In my experience trying to expose people to classical music, many folks (understandably) don't have the patience to read through a long-winded guide, and just want to click a few links and start listening. Youtube is the best way to listen for free (with adblock), and there are some _really_ good recordings there, but some are nearly impossible to find thanks to the janky search function.

I published a google doc with links to the best recordings of the best works I know of. I tried to keep it as simple and easy-to-use as possible, and included an "About" section with some tips for the truly technologically clueless. Hopefully this might help some people trying to reach friends and relatives with short attention spans and no prior knowledge of classical music


----------



## Enthusiast (Mar 5, 2016)

I am not really very interested in training my friends to like classical music but do like links to recordings that someone feels are recommendable. So, where is your list?


----------



## pianozach (May 21, 2018)

honestiago26 said:


> In my experience trying to expose people to classical music, many folks (understandably) don't have the patience to read through a long-winded guide, and just want to click a few links and start listening. Youtube is the best way to listen for free (with adblock), and there are some _really_ good recordings there, but some are nearly impossible to find thanks to the janky search function.
> 
> I published a google doc with links to the best recordings of the best works I know of.

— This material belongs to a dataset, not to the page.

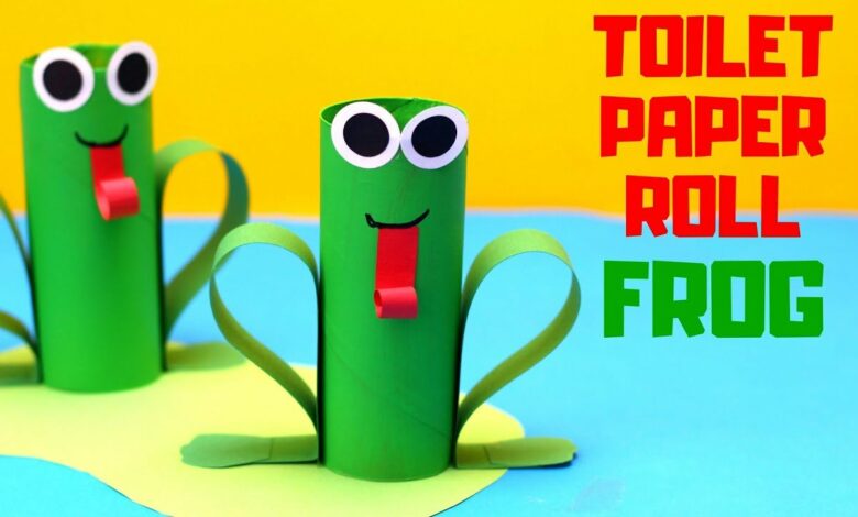 - Cut two strips from the green cardboard to make the frog legs. Attach one strip to each side of the toilet paper roll.

I tried to keep it as simple and easy-to-use as possible, and included an "About" section with some tips for the truly technologically clueless. Hopefully this might help some people trying to reach friends and relatives with short attention spans and no prior knowledge of classical music





Enthusiast said:


> I am not really very interested in training my friends to like classical music but do like links to recordings that someone feels are recommendable. So, where is your list?


Click on the words "Google Doc" in the OP.

I'm also somewhat partial to my list *"A Beginner's Guide to Classical Music"* here on *TalkClassical*: 
https://www.talkclassical.com/70102-beginners-guide-classical-music.html?highlight=

. Mine is considerably different, in that it is not organized by any given type, style, composer or otherwise; AND most of the featured videos are LIVE performances. I've actually gone through several different videos to determine the relative value of the audio and video, but not necessarily for interpretation, the value of which, frankly, varies from listener to listener.


----------



## Enthusiast (Mar 5, 2016)

^ Thanks. I see it clearly now but when I looked earlier I saw no link.


----------



## honestiago26 (Jul 17, 2021)

pianozach said:


> Click on the words "Google Doc" in the OP.
> 
> I'm also somewhat partial to my list *"A Beginner's Guide to Classical Music"* here on *TalkClassical*:
> https://www.talkclassical.com/70102-beginners-guide-classical-music.html?highlight=
> ...


I like the pop culture tie-ins. Seems like it would appeal to younger listeners, though your guide may come across as a little patronizing to some adults.


----------



## pianozach (May 21, 2018)

honestiago26 said:


> I like the pop culture tie-ins. Seems like it would appeal to younger listeners, though your guide may come across as a little patronizing to some adults.


That makes sense. In a sense I'm "mansplaining", at least to one degree or another.

The problem is the audience . . . If I'm targeting "beginners", and presenting the music and some background in simplistic terms, then it might not set well with more experienced listeners.

But I don't want to go into too much detail that is lost on beginners either.


----------